Evaluating the detection and trapping of small gas molecules on hydrogenated siligene

Abstract

The use of new two-dimensional systems to detect and capture organic molecules remains a vital research area. In this work, we have investigated, by first-principles calculations, the feasibility of using a hydrogenated siligene (HSiGeH) monolayer to detect and capture small gas molecules through a self-propagating reaction mechanism. We have studied the adsorption of formaldehyde (CH2O), acetylene (C2H2), and ethylene (C2H4) on an HSiGeH monolayer with an H-vacancy (including two situations: an H-vacancy on a Si or a Ge atom). In each case, the molecule chemisorbs at the H-vacancy, increasing the C–O or C–C bond lengths, indicating that double and triple bonds of the molecule are partially broken, resulting in unpaired electrons in one C atom of each molecule. We have found that the hydrogenated chemisorbed molecule -with a new H-vacancy formed on the surface- is the most energetically favorable configuration for each reaction.
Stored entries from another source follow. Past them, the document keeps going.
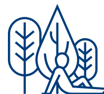
PLACES FOR LEISURE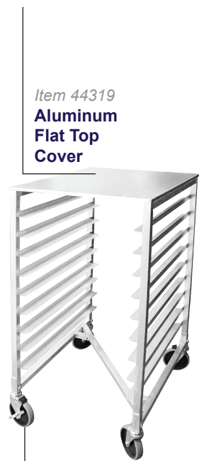
Item 44319 Aluminum Flat Top Cover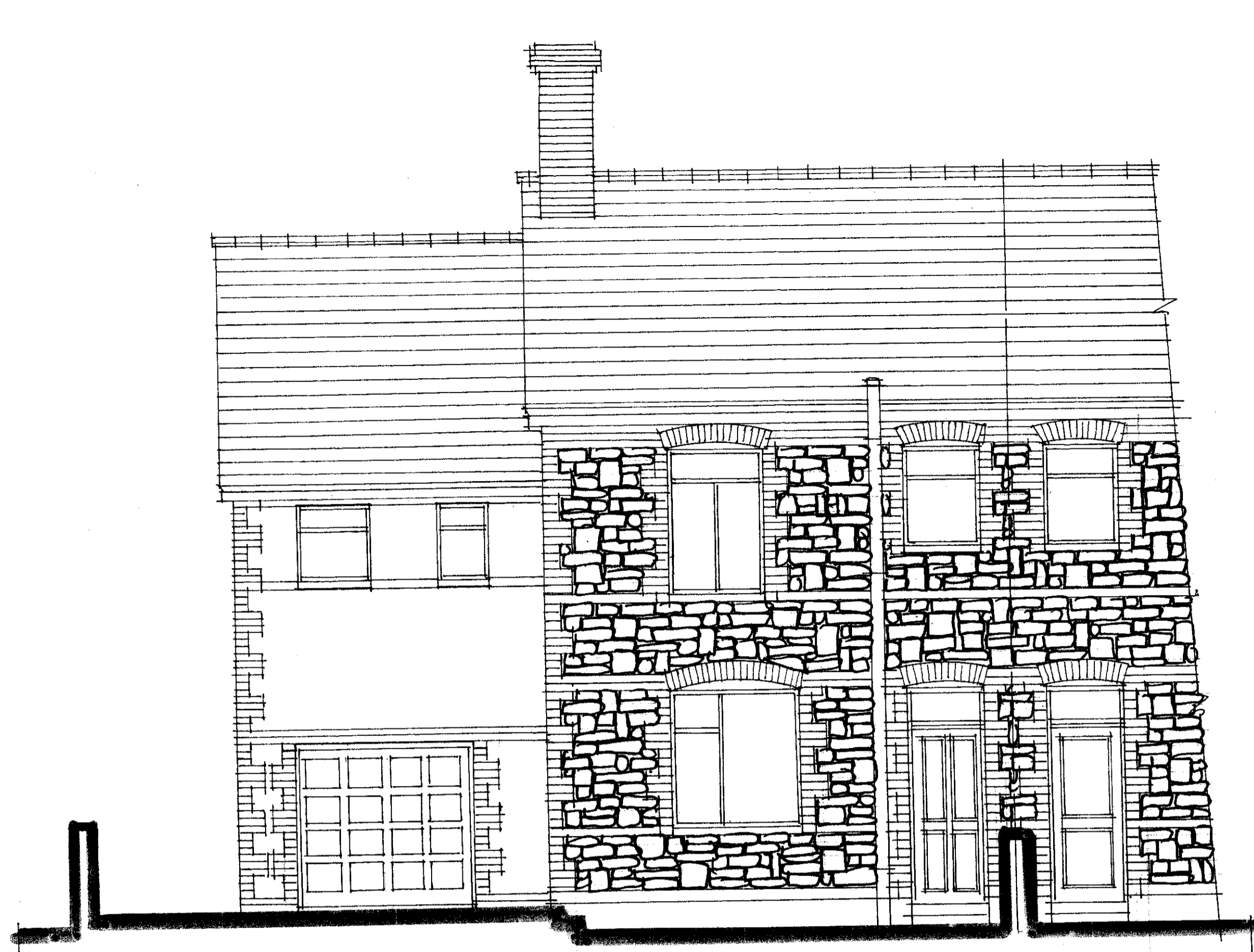
EXISTING FRONT ELEVATION [SOUTH]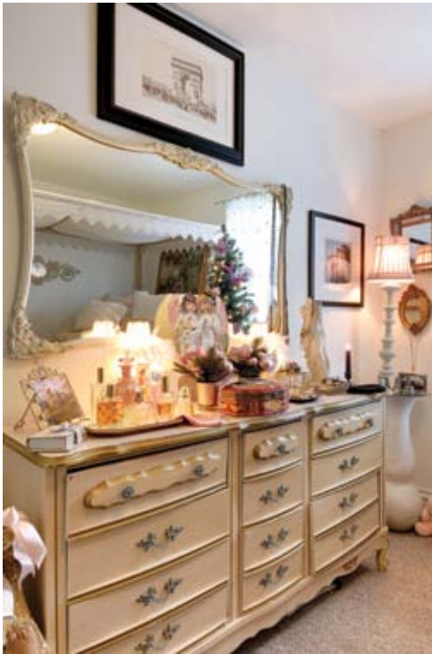
RIGHT AND BELOW: In the bedroom, a painted canopy bed is the focal point of a room filled with treasures, each infused with wonderful memories. BOTTOM: Shelves in the bathroom are filled with the best soaps and lotions, all available in Renée's Thornbury store, Pamper & Soothe.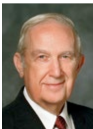
By Elder Richard G. Scott Of the Quorum of the Twelve Apostles

What sometimes seems an impenetrable barrier to communication is a giant step to be taken in trust.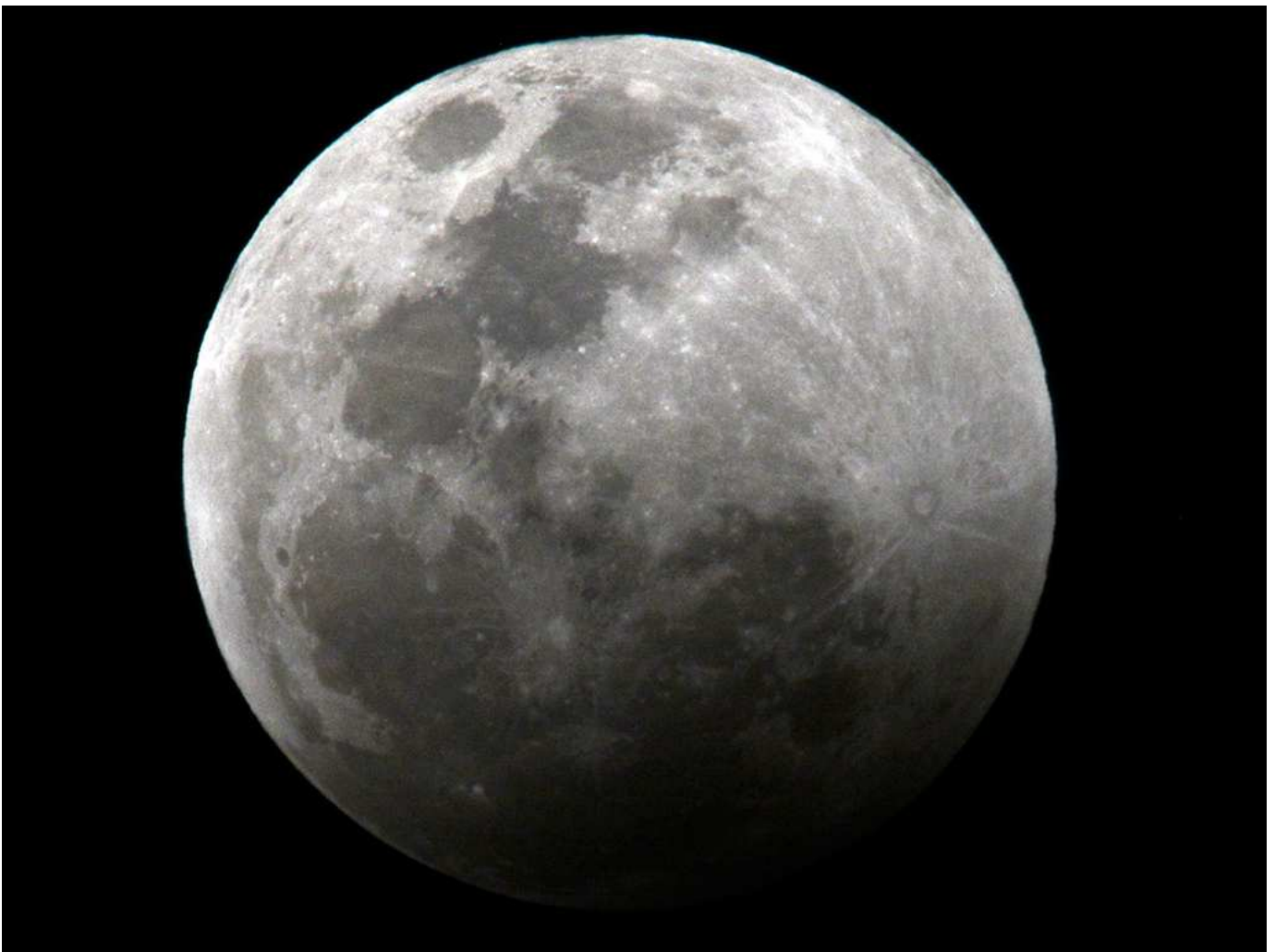
Hier begin die maan net-net verdonker van regs onder af - Here the eclipse has just started - note the darkening bottom right

The viability of the reactions was analyzed by describing the minimum energy path (MEP) computed by the climbing image nudged elastic band method (CI-NEB). Our results show that the self-propagating reaction is viable except for one case, where the C2H4 chemisorbs on the monolayer with the H-vacancy on Ge. These results point toward the application of the HSiGeH monolayer as a possible system for novel gas-removal systems.